(Items from a dataset)

-- Opening Marker --

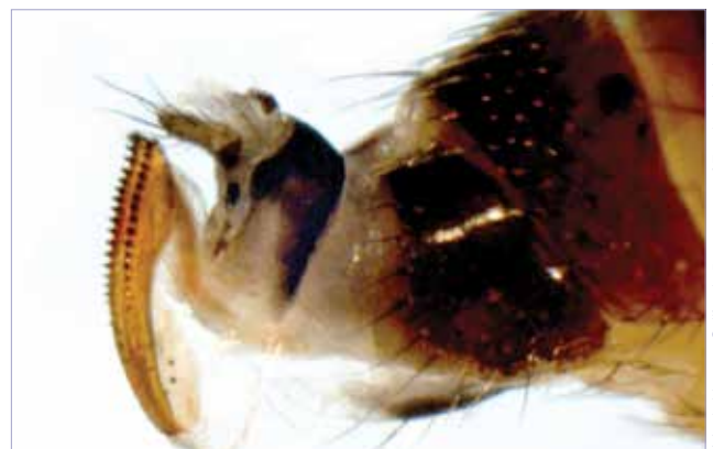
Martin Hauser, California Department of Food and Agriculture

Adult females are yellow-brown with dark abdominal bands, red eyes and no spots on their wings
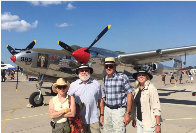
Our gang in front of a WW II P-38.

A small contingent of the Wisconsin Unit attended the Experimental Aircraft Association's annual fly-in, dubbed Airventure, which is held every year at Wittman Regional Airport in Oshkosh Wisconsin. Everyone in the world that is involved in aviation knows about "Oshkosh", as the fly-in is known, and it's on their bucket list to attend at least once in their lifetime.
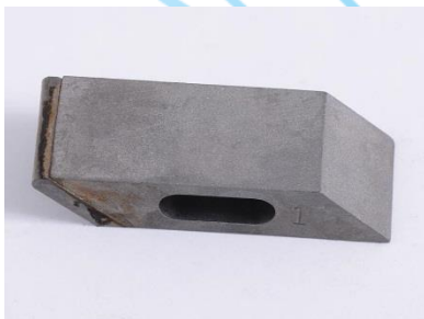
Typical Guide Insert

-- Closing Marker --

Action item
Type out each line of the records above exactly, skipping any pictures.

Output of the exercise
Martin Hauser, California Department of Food and Agriculture

Adult females are yellow-brown with dark abdominal bands, red eyes and no spots on their wings
Our gang in front of a WW II P-38.

A small contingent of the Wisconsin Unit attended the Experimental Aircraft Association's annual fly-in, dubbed Airventure, which is held every year at Wittman Regional Airport in Oshkosh Wisconsin. Everyone in the world that is involved in aviation knows about "Oshkosh", as the fly-in is known, and it's on their bucket list to attend at least once in their lifetime.
Typical Guide Insert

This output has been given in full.